Uganda’s Anti-Gay Bill, Condemned By US and Others, Reintroduced in Parliament
The Ugandan parliamentarian who first introduced an anti-gay bill that carried the death penalty for some homosexual acts reintroduced the bill on Tuesday, raising concerns among rights activists who have been fighting the legislation.
Parliamentarian David Bahati first introduced the bill in 2009 but it has never come before the full legislative body for a vote. Though widely supported in Uganda, the bill's progress apparently has been slowed by an international outcry against the bill, including condemnation from President Barack Obama.
Bahati has said that homosexuality poses a serious threat to family values and that his bill has helped raise public awareness about what he calls "the dangers to our children."
Bahati told The Associated Press last year that he is willing to drop the death penalty provision if that is the recommendation of a parliament committee, though a current reading of the bill hasn't been made public.
European countries such as Sweden and Britain have threatened to cut aid to Uganda if the bill is passed.
Homosexuality, already illegal under Uganda's penal code, is highly stigmatized in Uganda. Opinion polls frequently show the bill's wide support among Ugandans. Lawmakers other than Bahati have sometimes spoken passionately about the need for such a law, and none have condemned it.
The bill has been championed by Pentecostal clerics, who warn that young Ugandans are at risk of being indoctrinated into gay lifestyles by gays visiting from the U.S. and Europe. Even pastors who oppose the draft law do so not because it is draconian or unnecessary, but rather because they believe the police would not be able to enforce it.
"I've rejected it because it does not address Uganda's homosexuality problem," said Solomon Male, a Pentecostal cleric who has been dragged to court for accusing another pastor of sodomy. "The system can't permit any good law to be enforced."

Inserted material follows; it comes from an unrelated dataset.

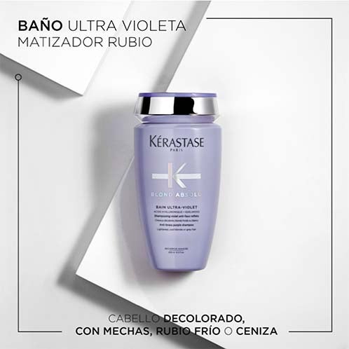 Este champú violeta, formulado con potentes agentes neutralizantes, elimina de manera inmediata los tonos amarillos no deseados. Perfecto para cabellos rubios fríos y grises, su uso constante ayuda a preservar el color evitando el amarilleamiento, prolongando la pureza del rubio. Actúa como barrera frente a la oxidación y la contaminación diaria, al mismo tiempo que devuelve al cabello su brillo y suavidad natural. Gracias a la combinación del ácido hialurónico y la flor de Edelweiss, contribuye a iluminar el tono del cabello mientras lo nutre en profundidad.

Male said that an existing law against homosexuality, inherited from the colonial days, had not been enforced.
"It is a big problem-homosexuals are in our schools, in our churches, everywhere, and we don't even know where to start," he said. "Sensitization is the best."
Bahati's original bill carried harsh provisions. The original bill would mandate a death sentence for active homosexuals living with HIV or in cases of same-sex rape. "Serial offenders" also could face capital punishment, but the legislation did not define the term. Anyone convicted of a homosexual act would face life imprisonment.
Anyone who "aids, abets, counsels or procures another to engage of acts of homosexuality" would face seven years in prison. Landlords who rent rooms or homes to gays also could get seven years.